日本に投資をする理由は、市場の安定性、脱工業化による成長、この2点だと私は考えています。アジア新興国に比べて、日本は政治経済が安定しています。また、株式や為替の市場に世界有数の流動性があるため、売り買いを適切な値段で行えます。これは市場の小さい国では難しいことで、そうした国では資産価格の急落や流動性の急激な落ち込みというリスクを常に抱えることになります。

 

脱工業化による成長も日本株式の魅力です。次ページの世界の産業高度化の推移をみると、工業の発展→景気低迷→改革→脱工業化による発展、というひとつの流れを発見できるかと思います。

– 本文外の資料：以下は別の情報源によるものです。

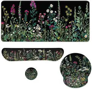 Wildflower Embroidery Mouse Pad Set Colorful Botanical Floral Gaming Mousepad 4in1 Desk Mat for Desktop Anti-Slip XXL Big Computer Ergonomic Mousepad with Wrist Support for Keyboard and Mouse
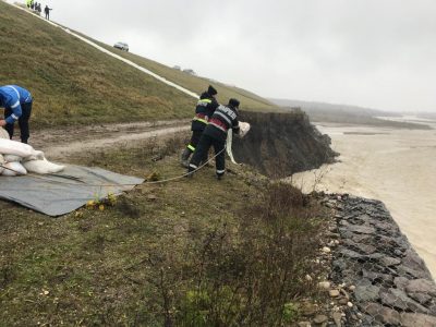 La fața locului ISU Prahova a mobilizat, astăzi, peste 40 de pompieri militari care au acționat pentru realizarea unui dig de protecție, cu ajutorul unor saci de nisip.

英米は戦勝国で第二次世界大戦の被害が比較的小さく、戦後は真っ先に工業が発展しました。当時は最も優れた家電や自動車と言えば英米製でした。しかし、その後は日本やドイツでより安く高品質な工業製品を作れるようになり、英米の景気は低迷します。その後の英米ではサッチャー元英国首相やレーガン元米大統領といった政治家の改革により、資本や人材が再び流入し、ITや金融などの非製造業主導で経済が発展しました。その反動か、イギリスのBrexit 、アメリカのトランプ政権誕生など、最近の英米では保護主義の動きが目立ちますが、日本は失われた20年を経て、脱工業化による発展間近という印象です。

 

アベノミクスでは、コーポレートガバナンス改革によって資本を、ビザ規制の緩和によって人材を、受け入れる土台ができてきました。また、日本株式は昔から時価総額上位の顔ぶれが変わらずつまらないと言われてきましたが、エムスリー、スタートトゥデイ、といった新世代の起業家によるITを駆使した企業が、時価総額1兆円規模にまで育ってきています。人口が減少しているから今後日本は成長しないという意見を耳にしますが、経済成長にとっては人口よりも生産性の変化のほうが重要であり、英米が経験した脱工業化による生産性向上に注目しています。